Let: $$ f(x)=\sum_{i=0}^{\infty}a_ix^i\\ g(x)=\sum_{i=0}^{\infty}b_ix^i $$ and $$ \frac{f(x)}{g(x)}=\sum_{i=0}^{\infty}c_ix^i $$ It is given that $a_0=1, a_1=3, a_2=-2, a_3=-10$ and that $f(x)\cdot g(x)=1=1+0x+0x^2+\dots$.

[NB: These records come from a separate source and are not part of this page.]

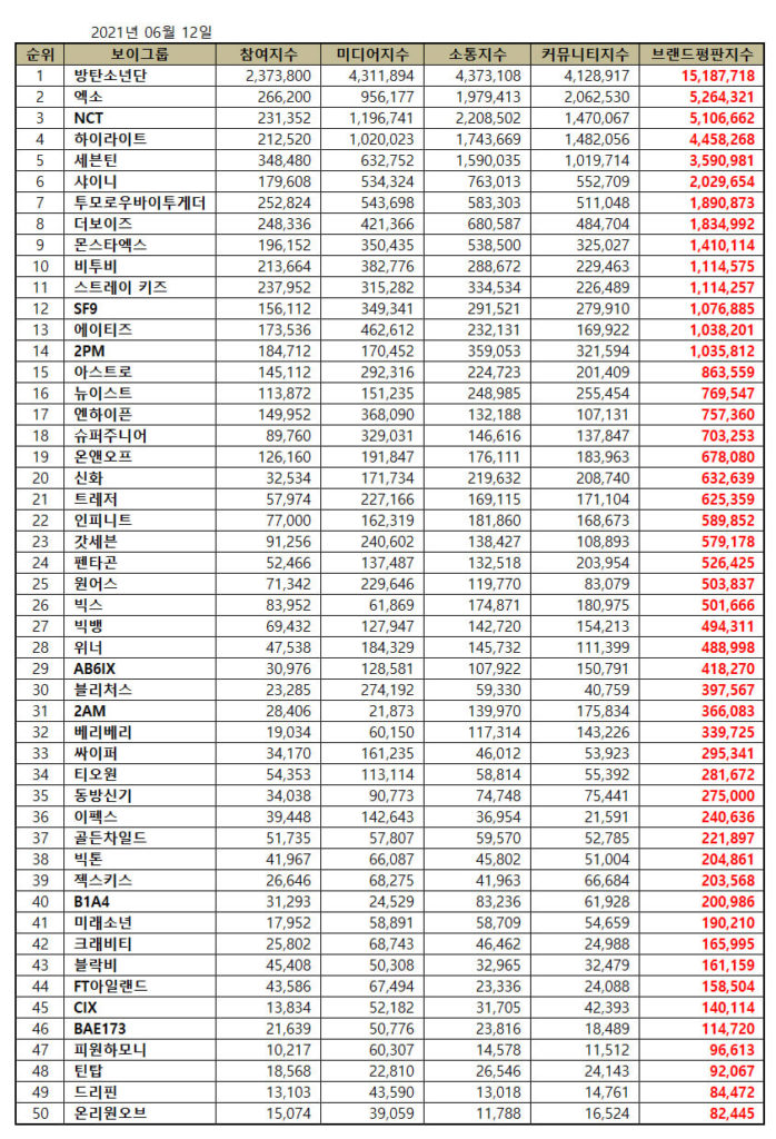 The Korea Institute of Corporate Reputation has gathered 59,599,283 big data of the K-pop boy group brands for the analysis. The data was taken from May 12, 2021, to June 12, 2021. Moreover, compared to the 51,242,292 big data of K-pop boy group brands in May, it increased by 16.31 percent.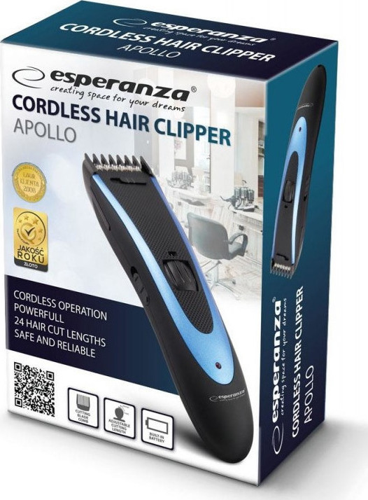 Η κουρευτική μηχανή Apollo, από την Esperanza, είναι εξοπλισμένη με ένα κουμπί που επιτρέπει να ρυθμίσει έως και 24 διαφορετικά μήκη κοπής. Τα μαλλιά μπορούν να κοπούν μεταξύ 1,5 mm και 24 mm για να εξασφαλίσουν κομψότητα με ακρίβεια.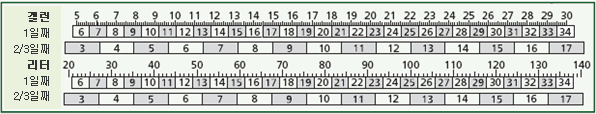 2. ¼öÁ¶ºÎÇÇ¿¡ ÇØ´çÇÏ´Â ¿ë·®À» ´«±ÝÀÚ(µµ·®Çü ´ÜÀ§)¿¡¼ ã´Â´Ù. 1ÀÏ, 2ÀÏ, 3Àϰ¿¡ Åõ¾àÇÏ´Â ¹æ¿ï¼ö¸¦ ã´Â´Ù. ÁÖÀÇ: 2ÀÏ, 3Àϰ Åõ¾àÇÏ´Â ¿ë·®Àº °°´Ù.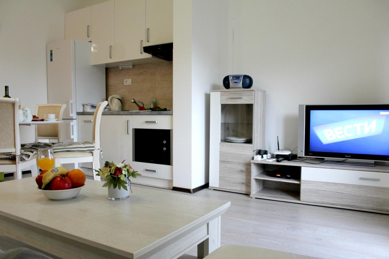 Apartment of 45 m2. One bedroom with two beds that you can put together or separately according to your wishes. A fully equipped kitchen and a bathroom. In the living room – a folding sofa which can sleep two people.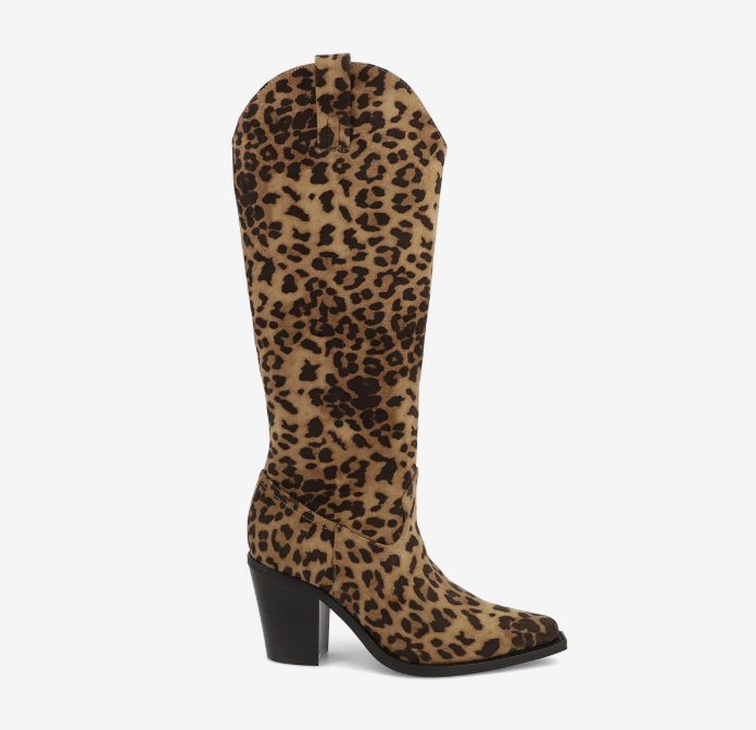 Go tall or go home. Crafted from soft vegan suede, Messini features a 16-inch shaft, 2.7-inch block heel, and pull tabs for easy on-and-off wear—plus a side zipper for the perfect fit. Finished on a bold leopard print to turn heads, all while enjoying all-day comfort with the MIA Signature Footbed™.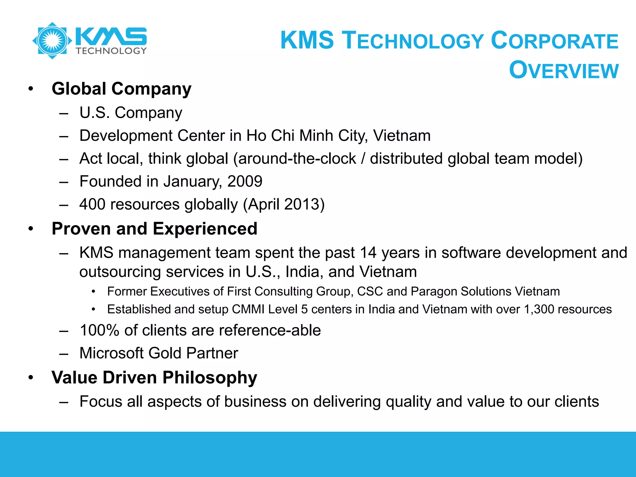 KMS Technology, founded in January 2009, is a global software development and outsourcing company based in the U.S. with a development center in Ho Chi Minh City, Vietnam, employing around 400 people as of April 2013. The management team has extensive experience in the industry, and KMS has achieved CMMI Level 5 certification while maintaining a focus on high quality and client satisfaction. They also emphasize recruitment, community involvement, and personal development within the company.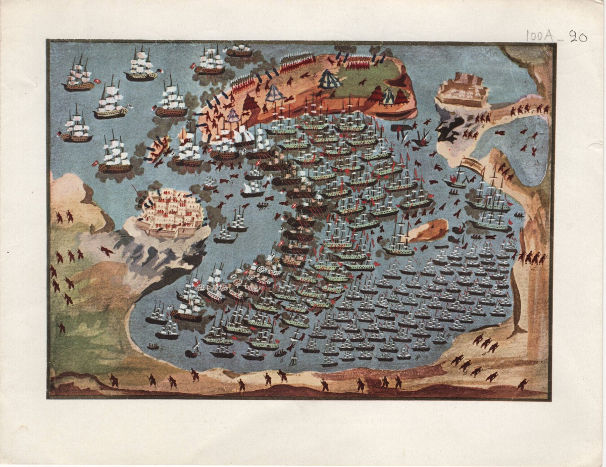 Στην πίσω όψη, λεζάντα εικονογράφησης: “Ναυμαχία των Παιλαιοναβαρίνων” / “Naval Battle of Old Navarin”. From a series of battle scenes executed between 1836 and 1839 by the “popular” painter Panagiotis Zographos according to eye-witness accounts by General Makriyannis. Copyright Athens Editions. Printed by Aspioti-Elka, Greece, 260.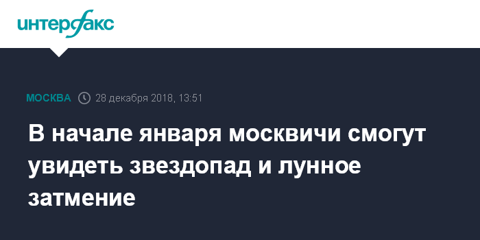Москва. 28 декабря. INTERFAX.RU - Звездный дождь и лунное затмение можно будет увидеть в Москве в начале 2019 года, своих пиков они достигнут 4 и 21 января, сообщает портал столичной мэрии.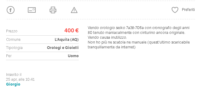 The original listing for item # 110781791508 on eBay Italy has long since dropped off history, but here's the basic information: Orologio uomo marcato Seiko quartz Chronograph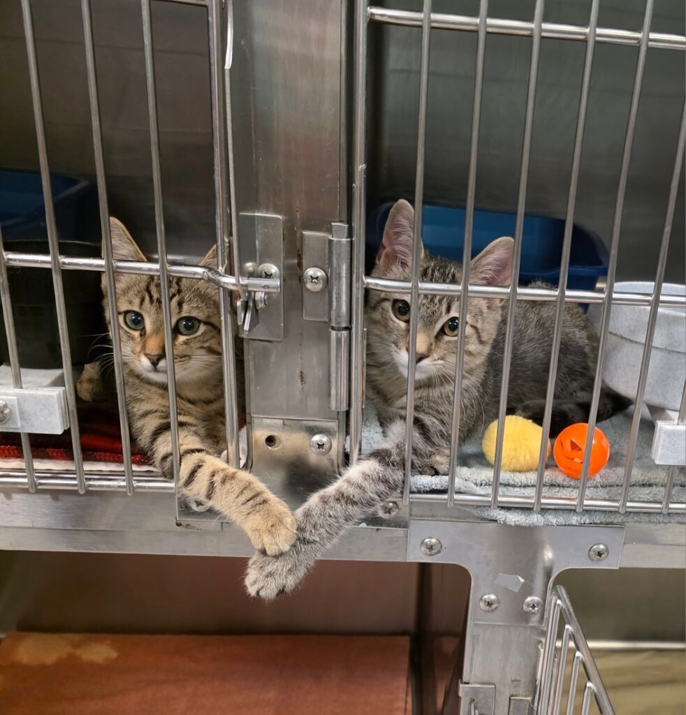 And then there was Pedro Pascal — another young kitten housed nearby. They weren’t littermates. They didn’t share a history. Yet somewhere between mealtimes and play sessions, they formed a quiet bond. Through the cool metal bars of their kennels, they reached for each other. Tiny paws extended, pads touching gently, as if instinctively understanding that comfort doesn’t always require space — only connection.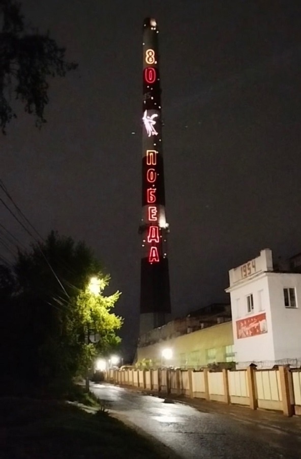 В Курске на трубе ТЭЦ-4 показали лазерное шоу в честь 80-летия Победы

Find $b_0,b_1,b_2,b_3, c_2$.
As far as I know if: $$ f(x)\cdot g(x)=\sum_{i=0}^{\infty}d_ix^i $$ then: $$ d_i=\sum_{k=0}^i a_kb_{i-k} $$ so: $$ 1=\sum_{k=0}^0 a_kb_{i-k}=a_0b_0=b_0\implies b_0=1\\ 0=\sum_{k=0}^1 a_kb_{i-k}=a_0b_1+a_1b_0=b1+3b_0=b_1+3\implies b_1=-3\\ 0=\sum_{k=0}^2 a_kb_{i-k}=a_0b_2+a_1b_1+a_2b_0=b_2-9-2=b_2-11\implies b_2=11\\ 0=\sum_{k=0}^3 a_kb_{i-k}=b_3+a_1b_2+a_2b_1+a_3b_0=b_3+33+6-10=b_3+29\implies b_3=-29 $$
But I'm not sure how to find $c_2$, namely I'm not sure whether: $$ \frac{1}{g(x)}=\frac{1}{\sum_{i=0}^{\infty} b_ix^i} $$ and what is generating functions arithmetic for division.
Use a similar idea $$ f(x)=g(x)\sum_{i=0}^{\infty}c_ix^i\implies a_n=\sum_{k=0}^nb_kc_{n-k} $$ for all $n\geq 0$. In particular $$ \begin{align}a_0&=b_0c_0\tag{0}\\ a_1&=b_0c_1+b_1c_0\tag{1}\\ a_2&=b_0c_2+b_1c_1+b_2c_0\tag{2} \end{align} $$ You know the values of $a_i$ and $b_i$ for $i=0,1,2$, so you can solve the three equations (0), (1) and (2) in order to determine $c_0, c_1$ and $c_2$.